*** Source material Section Begins ***

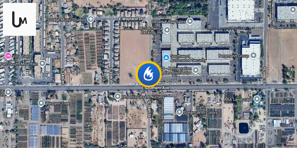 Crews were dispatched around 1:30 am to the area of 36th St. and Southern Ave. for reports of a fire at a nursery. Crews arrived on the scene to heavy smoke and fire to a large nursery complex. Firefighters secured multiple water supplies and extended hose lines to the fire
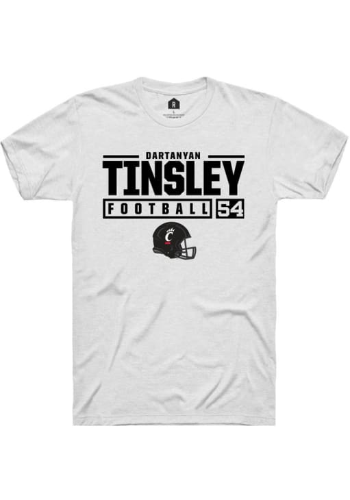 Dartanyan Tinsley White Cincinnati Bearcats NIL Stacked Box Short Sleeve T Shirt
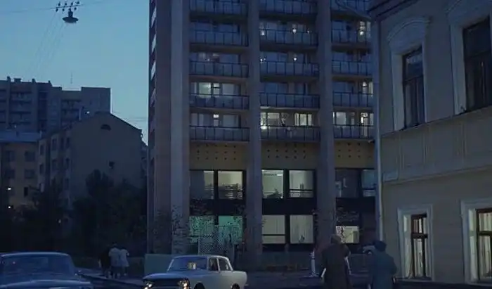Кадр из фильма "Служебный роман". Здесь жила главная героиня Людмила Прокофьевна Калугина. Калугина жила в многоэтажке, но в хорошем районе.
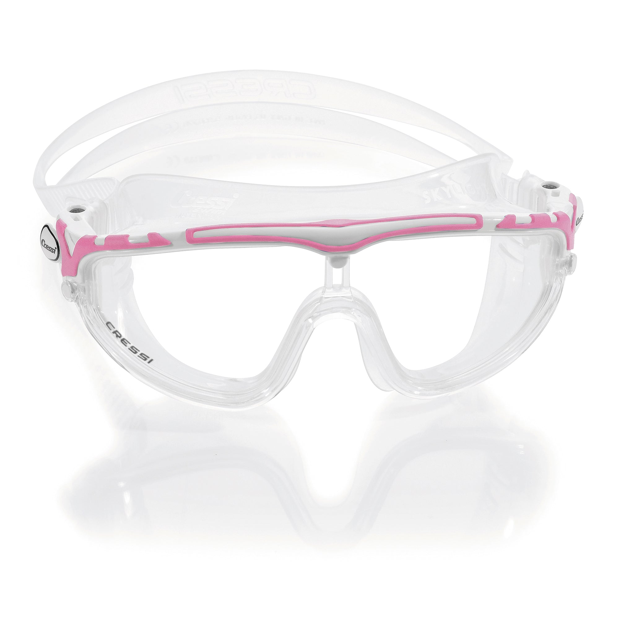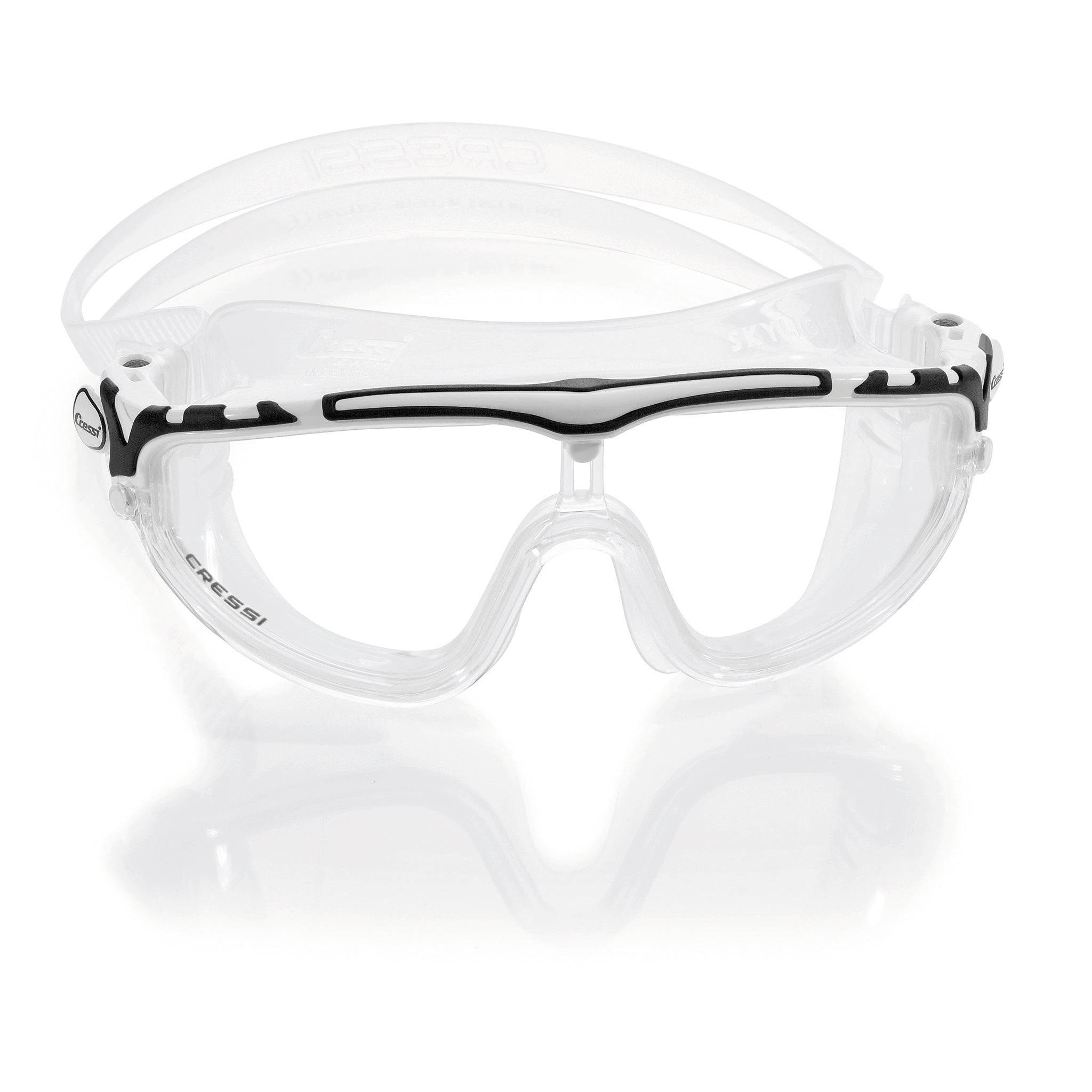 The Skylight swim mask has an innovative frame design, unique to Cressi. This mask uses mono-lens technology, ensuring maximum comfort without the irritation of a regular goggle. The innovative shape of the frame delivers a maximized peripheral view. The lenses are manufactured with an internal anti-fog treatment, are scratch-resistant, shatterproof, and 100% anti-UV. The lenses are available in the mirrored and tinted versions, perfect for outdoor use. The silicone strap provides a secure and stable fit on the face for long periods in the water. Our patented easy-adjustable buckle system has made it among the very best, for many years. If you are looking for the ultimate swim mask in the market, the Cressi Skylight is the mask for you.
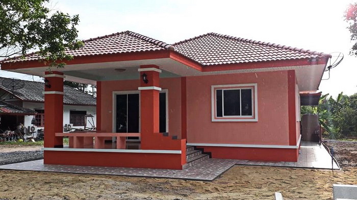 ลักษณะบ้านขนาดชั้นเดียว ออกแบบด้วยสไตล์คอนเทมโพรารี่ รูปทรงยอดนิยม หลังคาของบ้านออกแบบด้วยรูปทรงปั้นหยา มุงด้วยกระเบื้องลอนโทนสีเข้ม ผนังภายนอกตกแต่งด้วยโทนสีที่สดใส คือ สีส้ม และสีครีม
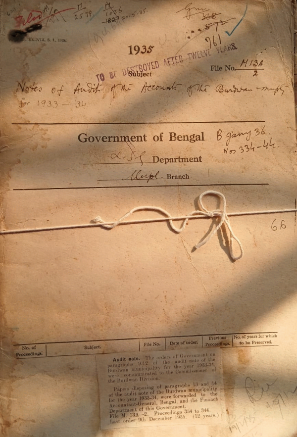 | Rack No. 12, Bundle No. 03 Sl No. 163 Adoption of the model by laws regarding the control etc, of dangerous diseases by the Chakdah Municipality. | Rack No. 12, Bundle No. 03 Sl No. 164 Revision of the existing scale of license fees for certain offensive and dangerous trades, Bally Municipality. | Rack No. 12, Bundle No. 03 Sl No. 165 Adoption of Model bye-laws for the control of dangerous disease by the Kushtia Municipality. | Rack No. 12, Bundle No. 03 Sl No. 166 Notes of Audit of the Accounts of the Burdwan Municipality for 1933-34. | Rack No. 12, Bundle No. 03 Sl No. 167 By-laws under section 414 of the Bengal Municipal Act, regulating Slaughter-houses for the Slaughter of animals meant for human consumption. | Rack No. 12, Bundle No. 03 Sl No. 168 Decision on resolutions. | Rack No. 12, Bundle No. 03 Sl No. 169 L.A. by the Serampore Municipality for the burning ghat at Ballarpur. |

*** Source material Section Ends ***
*** Source material Section Begins ***

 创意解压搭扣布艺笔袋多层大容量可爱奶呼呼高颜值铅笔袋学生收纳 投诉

*** Source material Section Ends ***

**Exercise directions**
Could you repeat, exactly, only the lines above starting at the one that has "Dartanyan Tinsley White" and stopping after the one that has "Кадр из фильма", without the pictures?

**Answer to the exercise**
 Dartanyan Tinsley White Cincinnati Bearcats NIL Stacked Box Short Sleeve T Shirt
Кадр из фильма "Служебный роман". Здесь жила главная героиня Людмила Прокофьевна Калугина. Калугина жила в многоэтажке, но в хорошем районе.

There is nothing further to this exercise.